I ignored the question. “So how did you get it?” It wasn’t hard to guess but I wanted to hear it from him.
“Nobody was watching so I tore out that part of the page. I needed it; you must understand that. That’s me in the photo; you can see it is, there I am with my name and everything. I had to have it because it proved I wasn’t imagining all this. OK, I admit I stole it – but I desperately needed something to prove I wasn’t going mad. I needed something that showed I was Rankin. Do you understand?”
I wasn’t going to report him for damaging library property so I dipped my head in agreement.

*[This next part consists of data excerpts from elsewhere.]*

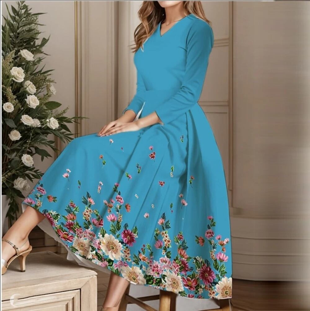 花柄 ラウンドカラー ロングワンピース Vネック 秋冬ファッション レディース 長袖 スタイル コレクション T240902133353_01
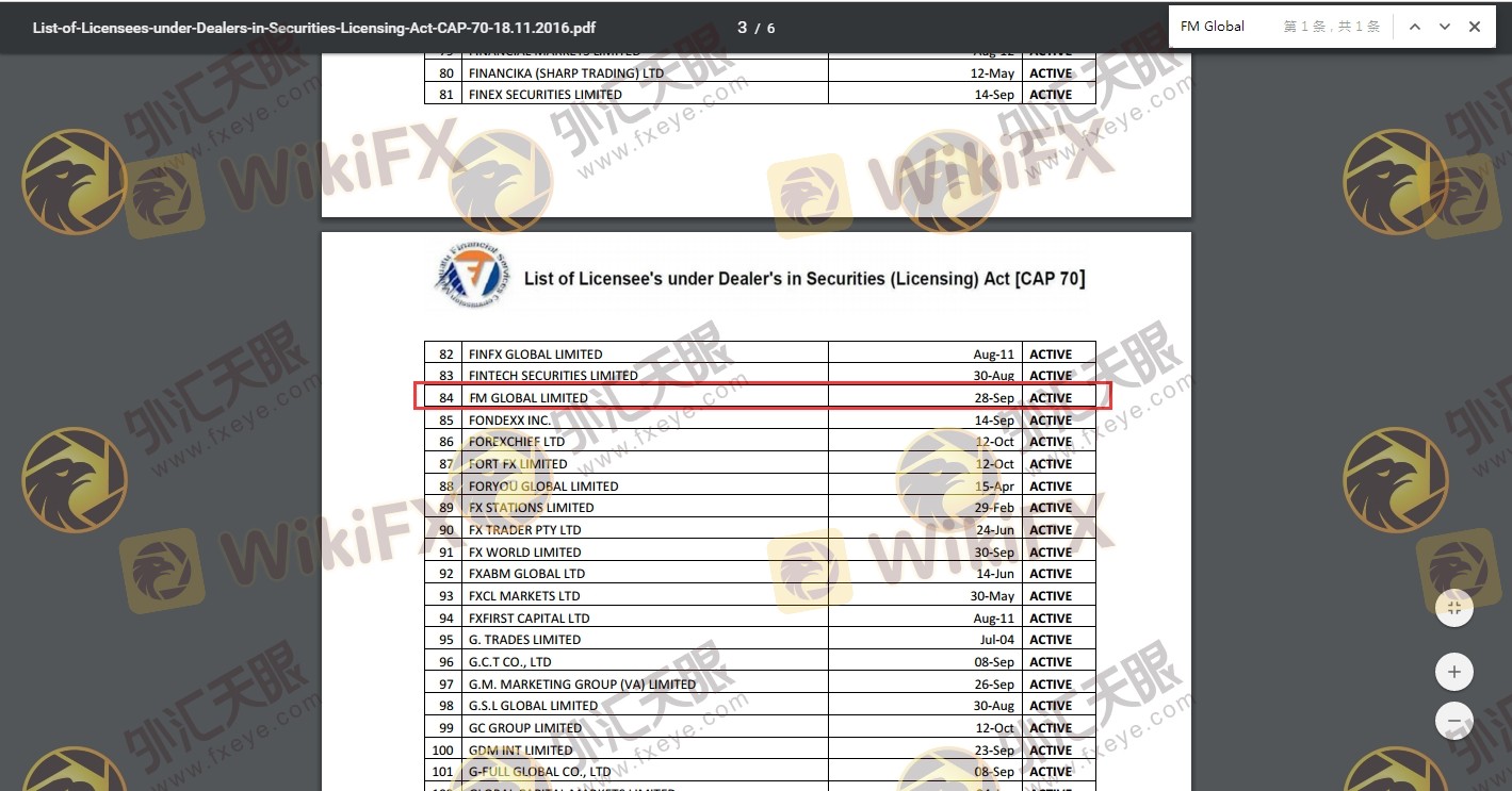 FM Global Последний рейтинг отрасли — 1.61, чем выше оценка, тем безопаснее из 10, чем больше регулирующих лицензий, тем более законно. 1.61 Если оценка слишком низкая, есть риск мошенничества, обратите внимание на выбор, которого следует избегать.
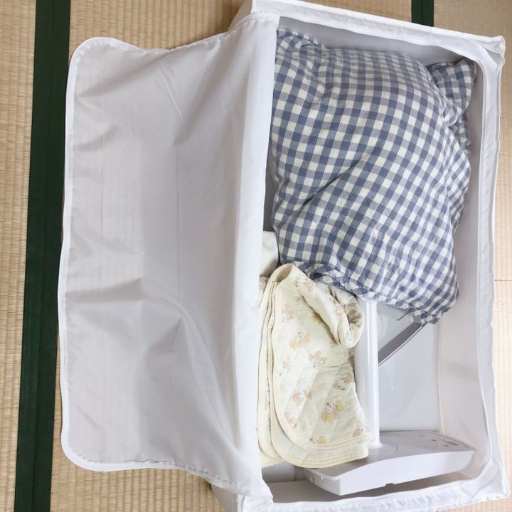 夏場の扇風機を出した後のスクッブには、使用しない毛布などを収納しています。
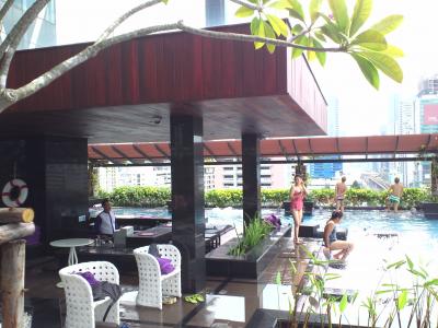 移動はとても楽です。まだ数年しか経っていない新しいホテルという事で宿泊しました。が、室内は結構キズがあったり汚れていてビックリ。写真ではテーブルがありましたが、実際はありませんでした。さらに、トイレにドアが無く!これにはかなり戸惑いました。4泊しましたが、4日目の夕方部屋へ戻ったところ掃除を忘れらていました。また、掃除もあまりキレイではありません。プールへ行く際、プール横の更衣室で着替えるようになっているんですが、殆ど守られていませんでしたね。うーん、場所と値段とオシャレ度重視な方にはオススメします。最後に、空港へタクシーで向かう場合、向かい側の車線へUターンし高速入り口へたどり着くまでかなり時間がかかります!
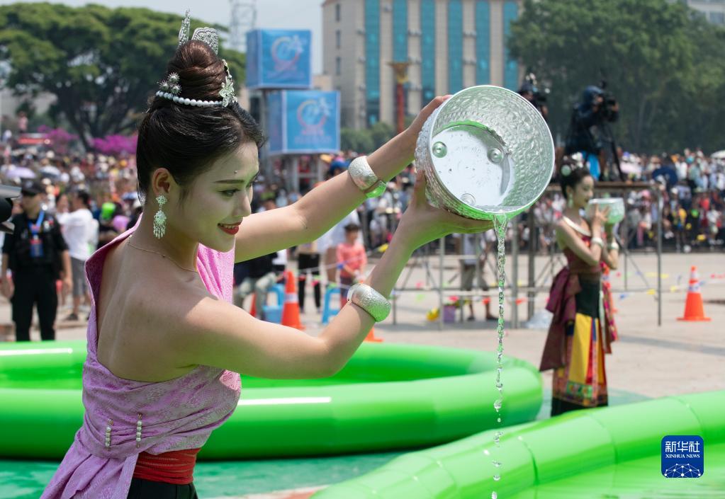 當日,云南省德宏傣族景頗族自治州芒市2023年潑水狂歡節開幕,人們相互潑灑代表幸福、吉祥的清水,表達著相互間的無限祝福。
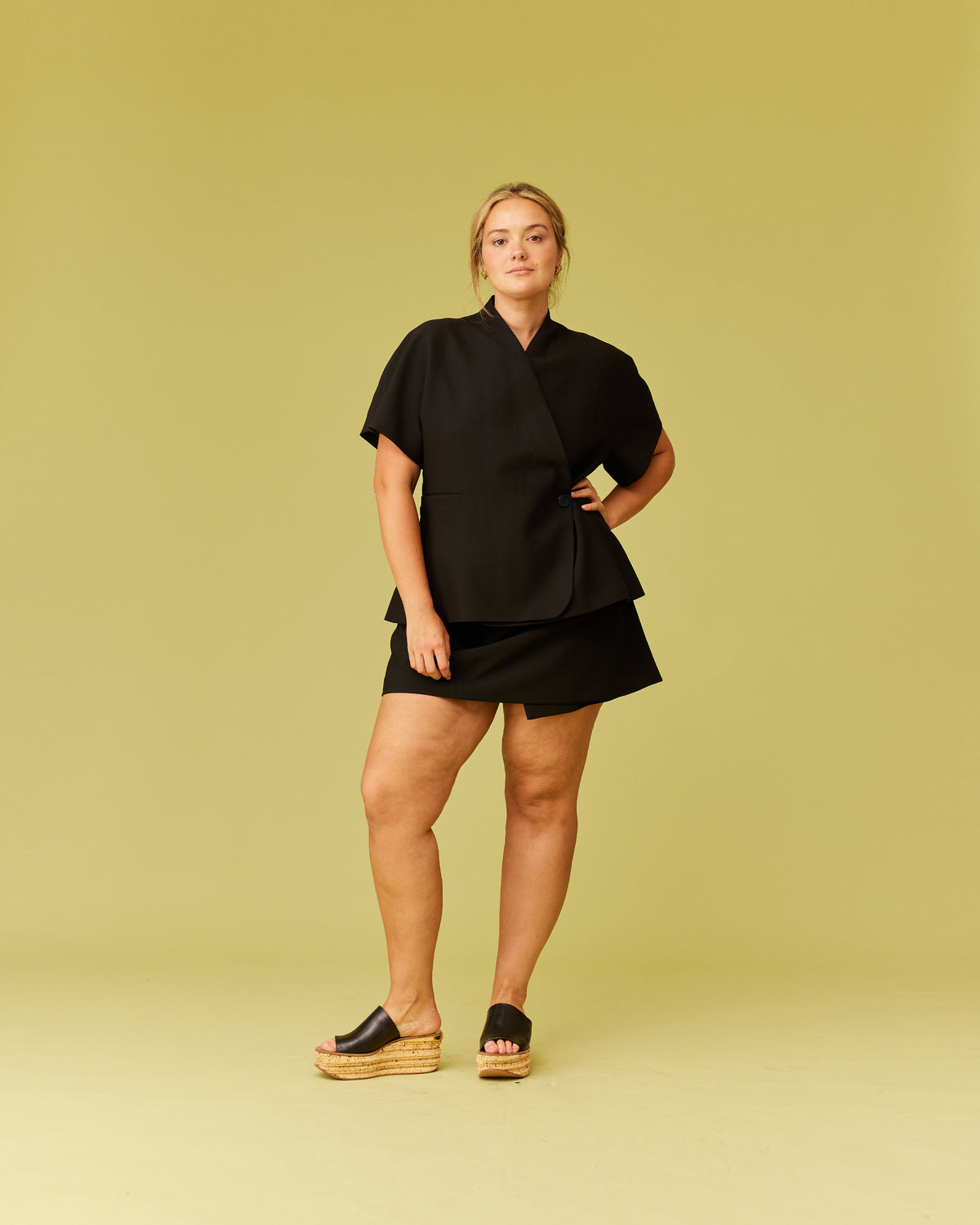 Introducing the Coco Mini Skirt ~ with the Rubette favourite wrap panel design and feature front pocket. Designed in a butter mid-weight suiting fabric, this is the perfect pairing to our Coco Short Sleeve Blazer.
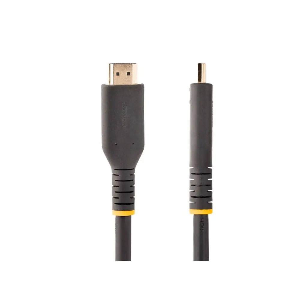 - The cable features built-in amplifier circuitry, which actively boosts the HDMI signal, with no external power required. It is the perfect solution for longer transmissions without any signal loss. It features source and display labels on the connectors to ensure the display and source are properly connected.
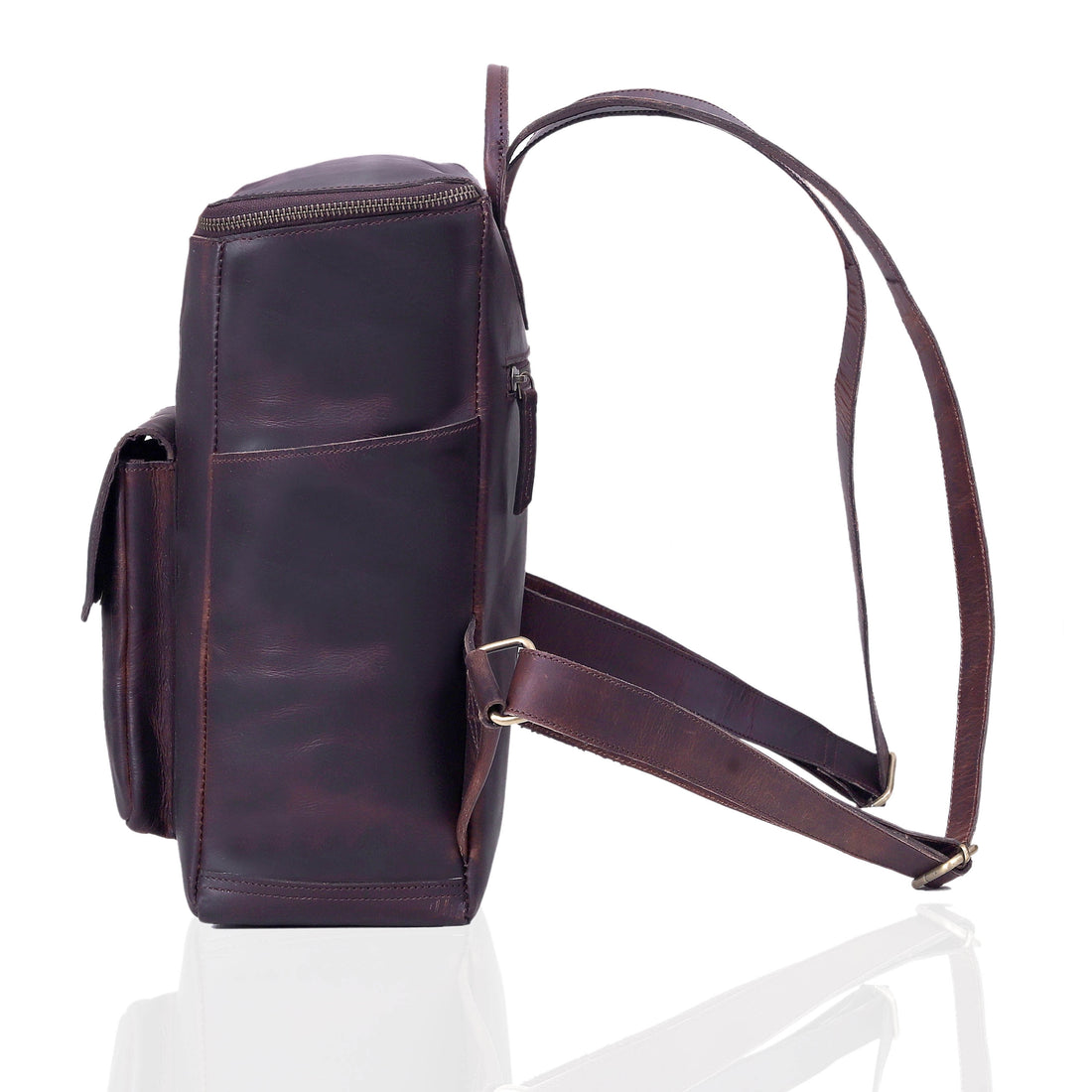 Elevate your everyday carry with this timeless leather daypack, designed for both style and functionality. Crafted from premium full-grain buffalo leather, this backpack offers a rugged yet refined look that only improves with age. The spacious main compartment easily fits your daily essentials — from a laptop and notebooks to a change of clothes or travel gear — while multiple interior and exterior pockets keep your items organized and within reach.
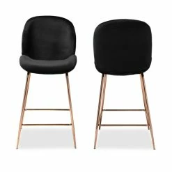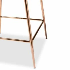Design an extraordinary lounge area with the lavish Lander counter stool. Made in China, this stool is comprised of a strong metal and wood frame padded with soft foam and upholstered in lush velvet fabric. Its rounded backrest and bent seat create an expressive silhouette while providing exceptional comfort and support. Requiring assembly, the Lander features rose gold finished metal legs fitted with ergonomic footrests on each side for convenient comfort. A simple yet lively addition, the Lander counter stool adds a touch of luxury to any space…
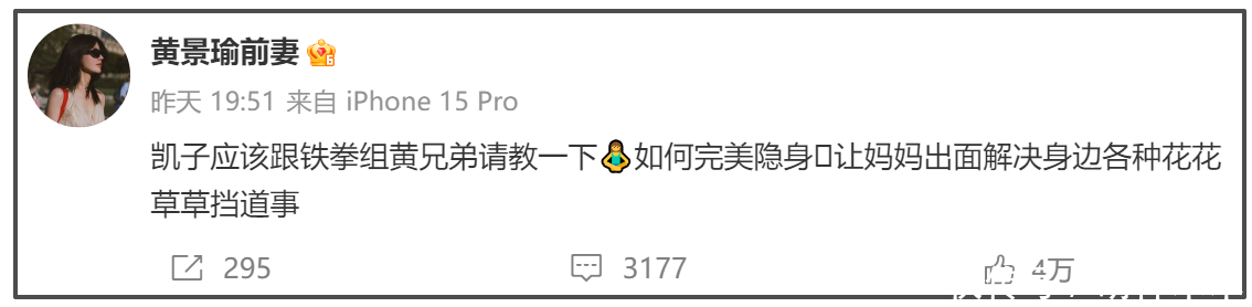 黄景瑜前妻又来发声了!近期于正旗下男演员许凯卷入出轨赌博等风波,引发了热议。没想到的是,黄景瑜前妻王雨馨也下场吃瓜,并发文吐槽许凯应该向铁拳组黄兄弟请教一下如何隐身,让妈妈出面解决,直接把嘲讽拉满。
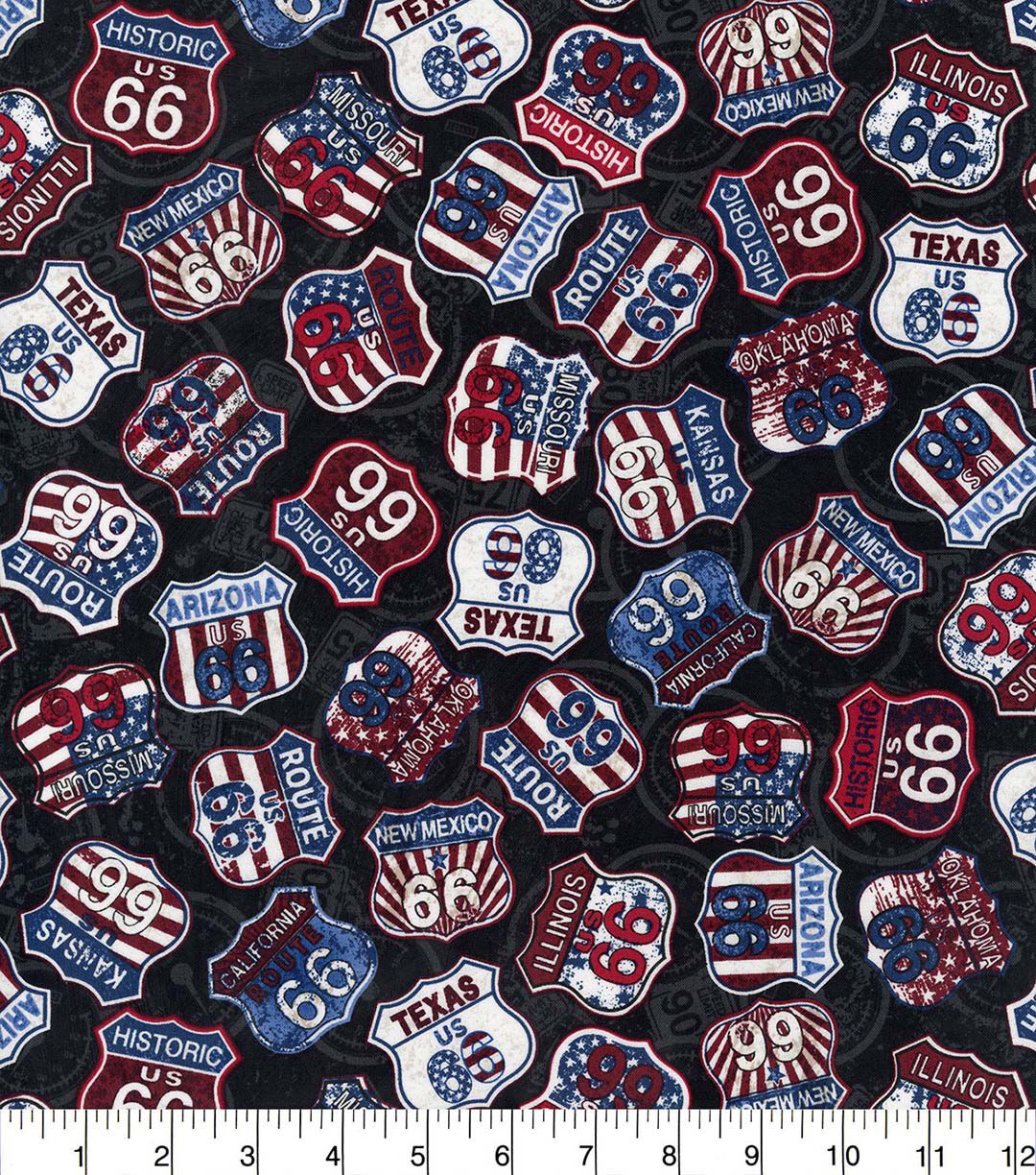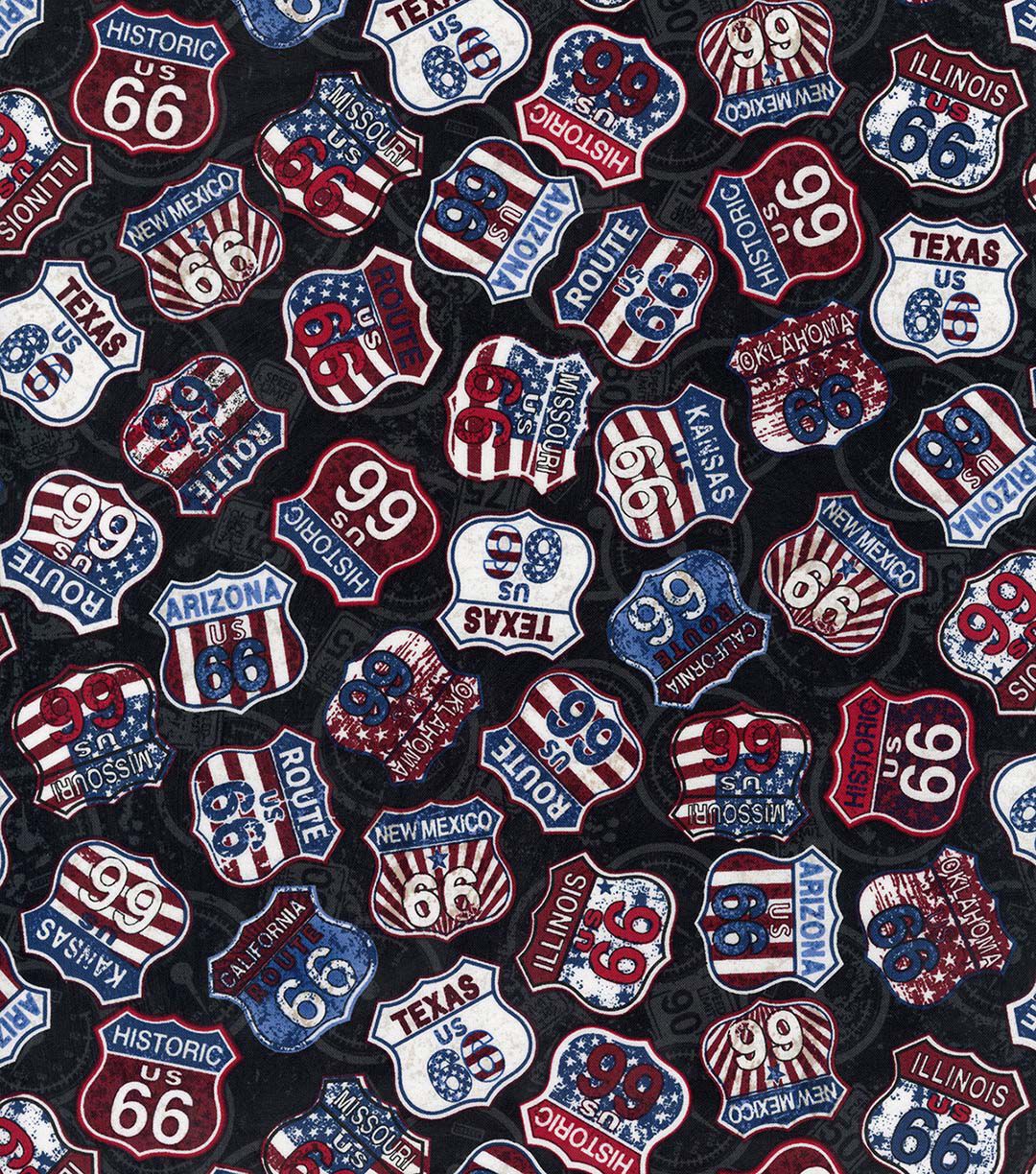 Hit the open road with this unique and eye-catching fabric featuring classic Route 66 patches on a black background. Whether you're a fan of the iconic highway or just looking for a fun and playful fabric for your next project, this 100% cotton fabric is sure to rev up your creativity.

We each sat in silence, thinking our own thoughts. Eventually he sighed and said, “OK, so that’s where I am now. That’s the basic story, however strange it seems -- and I admit it must sound strange. I’m here because I need your help. I want to hire you to find out what’s been happening to me. I want you to investigate for me. I suppose that what I really mean is that I want you to investigate me, the Jack Rankin me, and find out what has happened to me. I just want to know what’s been happening; I must know. So, will you do it? Please say you will. I’ll pay well, I really will, money’s not a problem.”